VII. ACCOMMODATION PARTIES


Sec. 29. Liability of accommodation party.

An accommodation party is one who has signed the instrument as maker, drawer, acceptor, or indorser, without receiving
value therefor, and for the purpose of lending his name to some other person.

Such a person is liable on the instrument to a holder for value, notwithstanding such holder, at the time of taking the
instrument, knew him to be only an accommodation party.

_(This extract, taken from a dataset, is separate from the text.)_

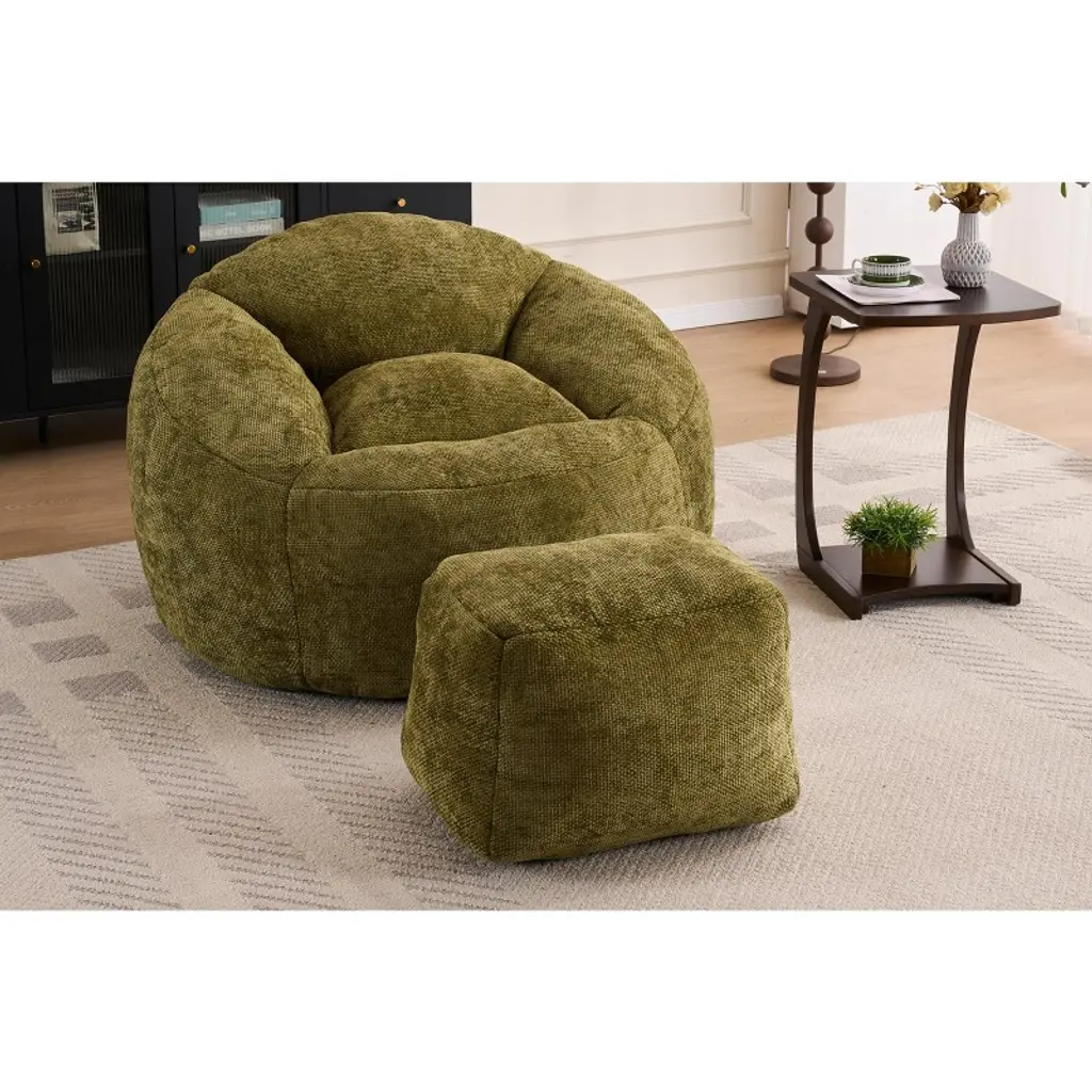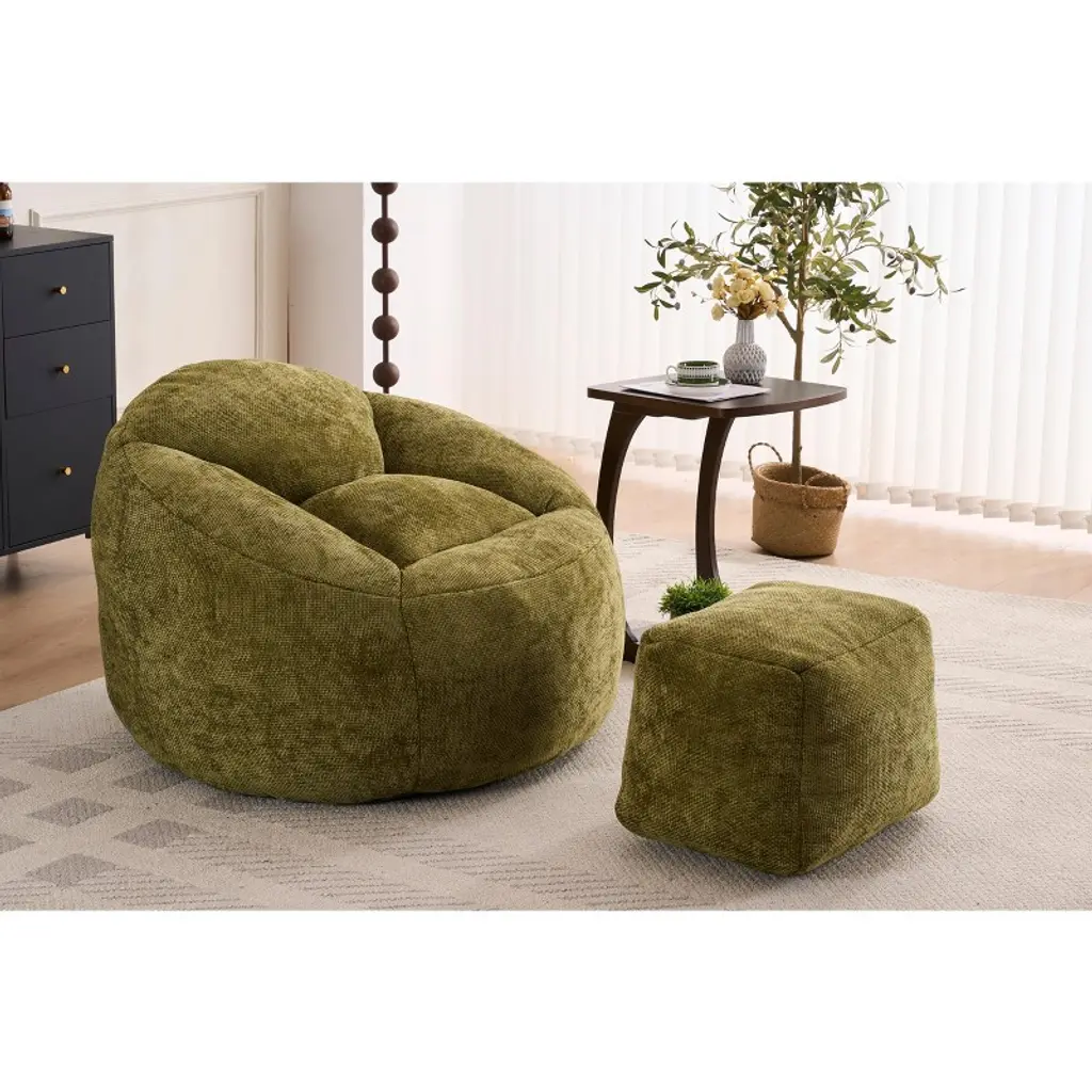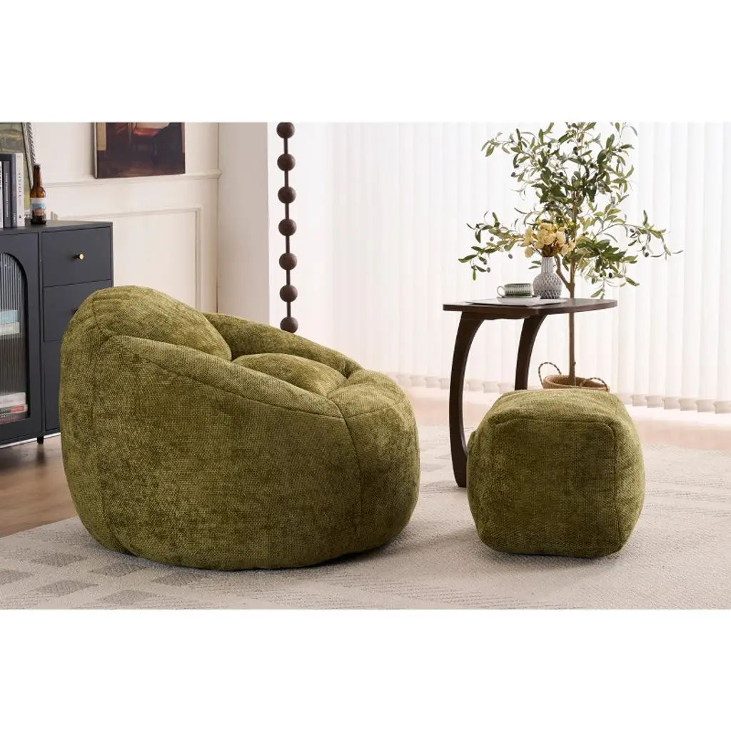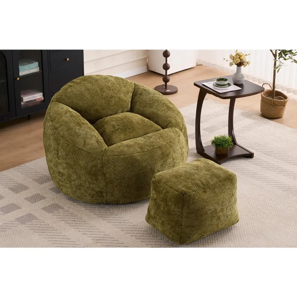 Lyngins Chenille Bean Bag Chairs For Kids And Adults,comfy Lazy Chairs With Plush Foam And Footrest For Living Room,olive Green

 The accommodation party lends his name to the accommodated party


 He lends his name to enable the accommodated party to obtain credit or raise money.
 He receives no part of the consideration for the instrument but assumes liability to the other parties thereto.
 Accommodation party is liable according to the face of his undertaking, the same as if he were himself financially
interested in the transaction.
a. Surety of Accommodated Party
 By lending his name, the accommodated party is in effect, a surety of the accommodated party.
 Thus, if he is an accommodation indorser, he is secondarily liable as an accommodation indorser and he cannot make
the holder recover directly from the accommodated party.
 Only recourse- to seek reimbursement from the accommodated party.
 Unlike in a contract of suretyship, the liability of the accommodation party remains not only primary but also
unconditional to a holder for value such that even if the accommodated party receives an extension of the period of
payment without the consent of the accommodation party, the latter is still liable for the whole obligation and such
extension does not release him because as far as the holder for value is concerned, he is a SOLIDARY CO-DEBTOR.

b. Irregular Indorser
 Not otherwise a party to an instrument who placed thereon his signature in blank before delivery.
 One who indorses the instrument in an unusual, singular or peculiar manner; it is irregular and an anomaly in the law.
 His name appears where we would naturally expect another name.

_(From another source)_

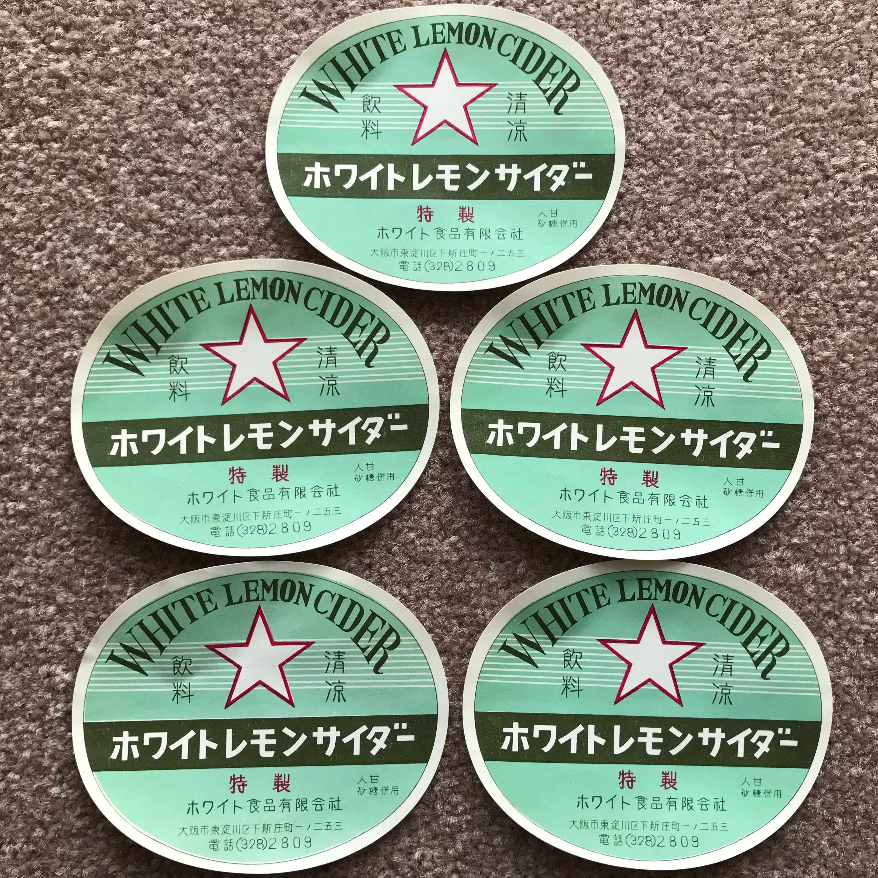 未使用ラベル「ホワイトレモンサイダー」5枚セット 昭和 大阪ローカルジュース

Sec. 64. Liability of irregular indorser.

Where a person, not otherwise a party to an instrument, places thereon his signature in blank before delivery, he is liable
as indorser, in accordance with the following rules:

a. If the instrument is payable to the order of a third person, he is liable to the payee and to all subsequent parties.

b. If the instrument is payable to the order of the maker or drawer, or is payable to bearer, he is liable to all parties
subsequent to the maker or drawer.

c. If he signs for the accommodation of the payee, he is liable to all parties subsequent to the payee.

c. Liability among themselves

A solidary accommodation party may seek reimbursement from the accommodated party of other accommodation
parties subject to the following rules:

1. A joint and several accommodation party such as an accommodation maker may demand from the principal debtor
reimbursement for the amount that he paid to the payee;

2. A joint and several accommodation maker who pays on the said promissory note may directly demand
reimbursement from his co-accommodation maker without first directing his action against the principal debtor
provided that:

o He made the payment by virtue of judicial demand; or


o Principal debtor is insolvent

d. Corporations
 Section 29 (Liability of accommodation party) does not apply
 If the corporation is not liable, the holder may turn to its officers for relief.

Personal Liability of officers and directors:


1. He assents:
c. To a patently unlawful act of the corporation
d. For bad faith or gross negligence in directing its affairs
e. For conflict of interest, resulting in damaged to the corporation, its stockholders or other persons.

2. He consent to the issuance of watered down stocks or who, having knowledge thereof, does not forthwith file
with the corporate secretary his written objection thereto.

3. He agrees to hold himself personally and solidarily liable with the corporation;

4. He is made, by a specific provision of law, to personally answer for his corporate action.